Vietnam's smallest baby girl, born weighing 480g, is ready to return home

Doctors at the Vinh Phuc Obstetrics and Pediatric Hospital on November 25 described the girl’s survival after only 26 weeks in gestation as a "rare miracle."

After the team's unrelenting efforts, the baby girl was successfully saved from death's hands. Photo courtesy of the Vinh Phuc Obstetrics and Pediatric Hospital.

According to VnExpress, the baby girl in the northern Vinh Phuc Province is the lightest prematurely born baby to survive in Vietnam, weighing just 480 grams at birth.

The mother, who had been barren for a decade, resorted to in vitro fertilization (IVF) and became pregnant with twins. She showed signs of amniotic fluid leakage 18 weeks in and was admitted to the hospital on July 1, where she was found to be at risk of a miscarriage.

She prematurely birthed a baby at week 24, but that baby did not survive. Doctors decided then to keep the other baby in the womb.

Her greatest risk at the time was a uterus infection, which could have forced doctors to remove her uterus altogether. The procedure might have meant that the mother could never become pregnant again, said Doctor To Van An, head of the hospital’s obstetrics disease department.

"The most important task was to keep the remaining fetus alive in the womb for as long as possible," An said.

The mother was treated with antibiotics and other drugs to delay labor, before she showed signs of running out of amniotic fluid on August 20. Doctors were forced to deliver the baby prematurely within the day, at 26 weeks in gestation.

After her delivery, the baby girl was transported to a special ward for infants in a very weak condition. She had weak responses, shallow breath and discoloration of the whole body. She was put in an incubator, supported with ventilators, fed through her veins and treated with antibiotics and several drugs.

As she was born prematurely, the baby faced heightened risks of brain haemorrhage, respiratory failure, pneumonia and infection, among other conditions.

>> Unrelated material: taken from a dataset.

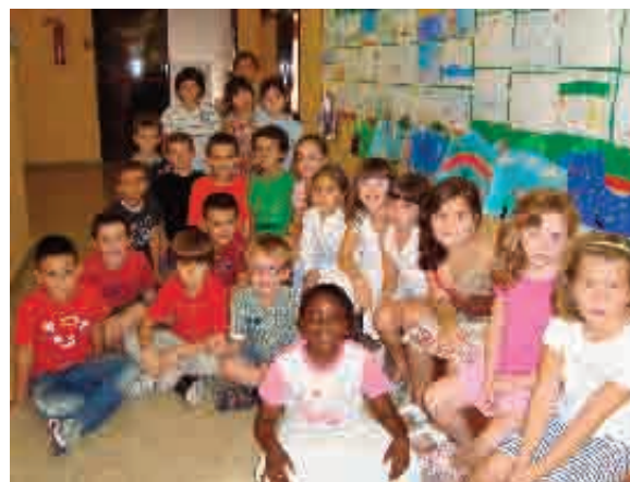
Alumnes 2n Primària

Des d'aquesta pàgina del Crit els nens i nenes de 2n us volem saludar i desitjar-vos un bon curs. Cada mes ens anirem veient i us anirem explicant tot el que fem. Fins aviat!!

But day after day, she staged a miraculous recovery and was finally put off ventilators and fed normally with milk.

When she was discharged on November 25, the baby was 39 weeks old and weighed 2.1 kg.

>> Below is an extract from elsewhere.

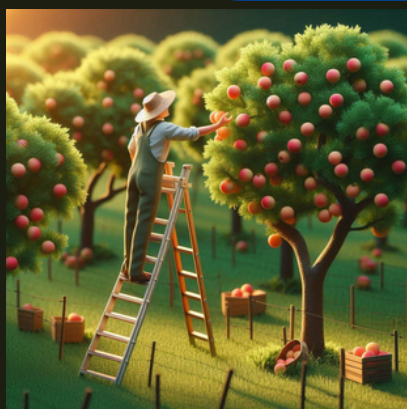
Figura 2: Trabalhador rural realizando colheita em galhos mais altos.

Como ilustrado na figura 2, oriente o trabalhador que use uma escada para colher frutos em galhos mais altos. Os membros superiores devem estar estendidos na altura do tórax. Levantar os braços em excesso pode gerar dores em ombros, punhos e cotovelos 8 9 .

Her survival has set a record in Vietnam in the field of treating premature infants with ultra-low birth weight and severe diseases.

The lightest prematurely born baby who has survived in Vietnam before the one in Vinh Phuc is Bui Thi Gai, born in 2010 at week 25 in gestation. She weighed just over 500 grams at birth.

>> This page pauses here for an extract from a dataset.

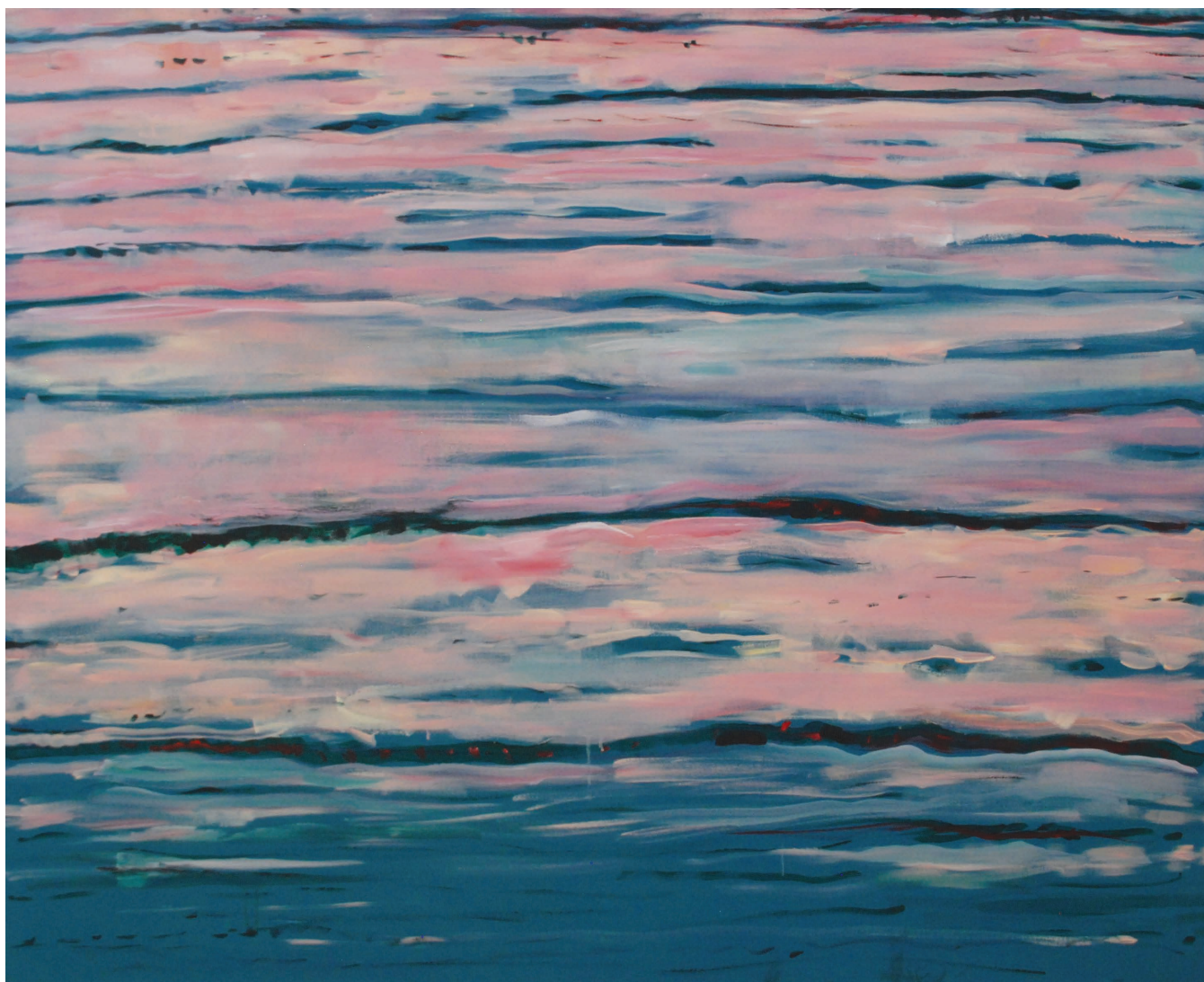
Modlitwa no 2, 2020 120 x 150, akryl na płótnie

Combined with the previous rescue success, this demonstrates how Vietnam has improved the treatment of critically ill newborns.

A set of premature triplets were saved by Hung Vuong Hospital doctors. Photo courtesy of the hospital

According to UNICEF, Vietnam has had significant progress in raising the survival ratio of children under five years old within the last 25 years. The ratio was 52 per 1,000 children in 1990, dropping to 12 per 1,000 children in 2018.  

Hung Vuong Hospital in Ho Chi Minh City has been able to save thousands of premature infants each year. The survival rate of babies born between 24 and 37 weeks of pregnancy is now up to 90 percent, reported VNA.

The latest premature infants who were saved by the hospital were triplets from the south-central coastal province of Binh Thuan born at 26 weeks and five days of pregnancy.

The three babies showed signs of respiratory failure due to pneumonia and were placed in the neonatal department. They also suffered from neonatal infections. Two of them received blood transfusions, while one suffered from enteritis.

The hospital’s doctors treated them for over 91 days and used the Kangaroo Care method in which there is warm skin-to-skin contact with the babies to help maintain their body temperature, respiration and digestion. 

The doctors also were able to save a male infant weighing 800 grams born after 25 weeks of pregnancy.